Clusters containing a small number of variants present a challenge since they do not contain enough trait associations to make inferences of the pathway they are acting on. To address this, we excluded clusters containing three or less variants from our main analysis. To avoid selection bias, we tested these cluster in the same manner as in the main results. We observed distinct heterogeneity in three of the clusters. However, these clusters contained only one variant; consequently, interpretation of the pathway for these clusters was not possible. PRSs of the remaining two clusters showed no evidence of an association to metabolic measures. Clustering can also be impacted by the intermediary GWAS traits selected. In this specific instance, the selected traits were more heavily weighted toward characteristics associated with insulin resistance. Thus, the cluster containing the largest number of genetic variants was the lipodystrophic cluster. We conducted sensitivity analysis to assess how clustering changed when an insulin secretion phenotype, oral glucose tolerance test (OGTT) of low sample size (n = 5318) was included (see Additional file 3). We observe that the addition of OGTT can affected the clustering of variants. However, the resolution for distinguishing other clusters was diminished as a consequence of including a GWAS with so few variants associated.

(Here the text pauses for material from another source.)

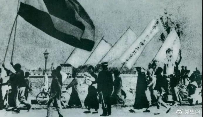 1919年5月4日,北京爆发员工反帝爱国运动。这是北京大学员工的示威游行队伍。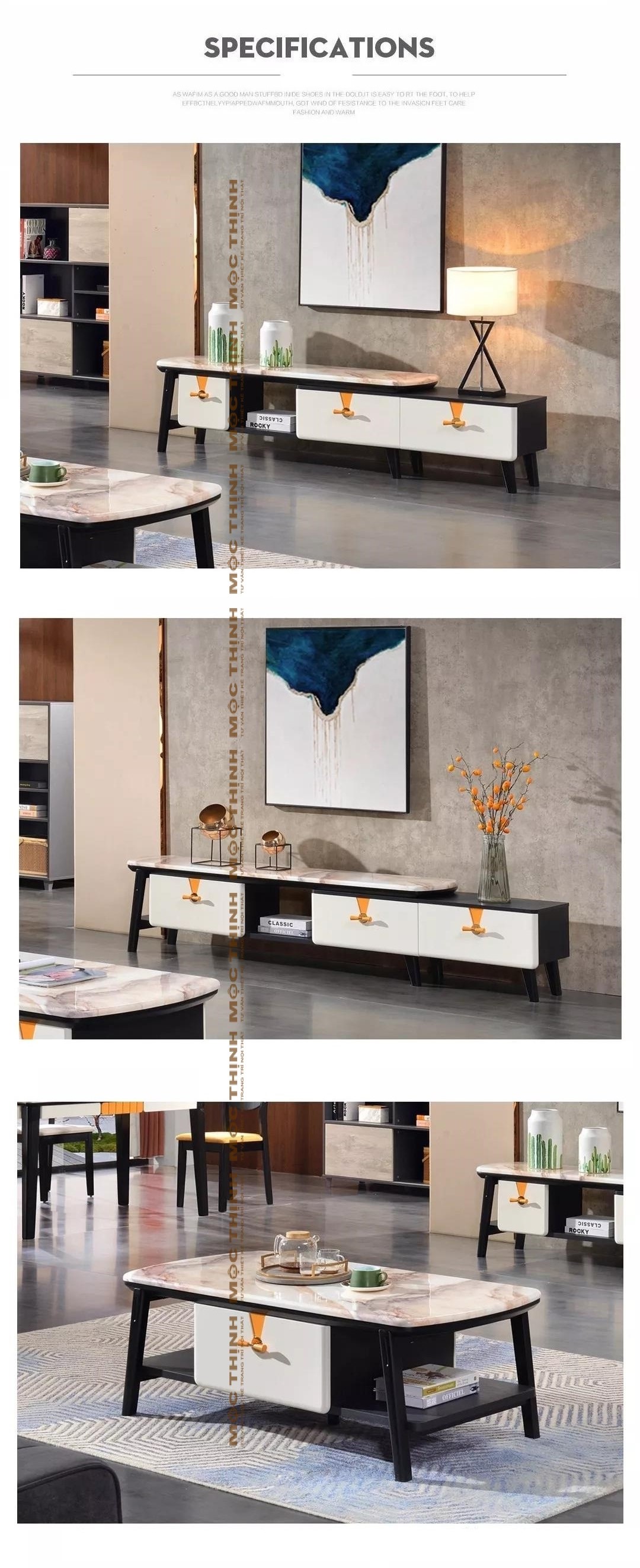 - Mẫu 9198 gây ấn tượng với mặt kệ tivi được làm bằng đá Marble cao cấp, dày đẹp, bo cạnh ở các góc, màu trắng với các đường vân đá tự nhiên rất sang trọng, được thiết kế thông minh với phần ngăn tủ có thể trượt kéo về 2 bên. Vì thế bạn có thể thu nhỏ hoặc tăng kích thước chiều dài của kệ tùy ý thích, thật tiện dụng đúng không nào.

It is important to highlight that in certain aspects, the PRS generated using all 401 genetic variants demonstrated superior performance compared to the stratified PRSs. The overall PRS exhibited a stronger association with HbA1C compared to any other PRS. However, the use of the stratified PRS allows the elucidation of the underlying mechanisms of associations, which is lacking in the unstratified PRS. For instance, the beta-cell or insulin resistance PRSs revealed links to low and high HOMA-IR levels, respectively. This suggests that higher HbA1C levels are influenced by both insufficient insulin production and insulin resistance. These findings suggest that while a comprehensive score might yield a more potent prediction of HbA1C levels, the partitioned scores provide nuanced etiological insights that the comprehensive PRS score may not fully encapsulate.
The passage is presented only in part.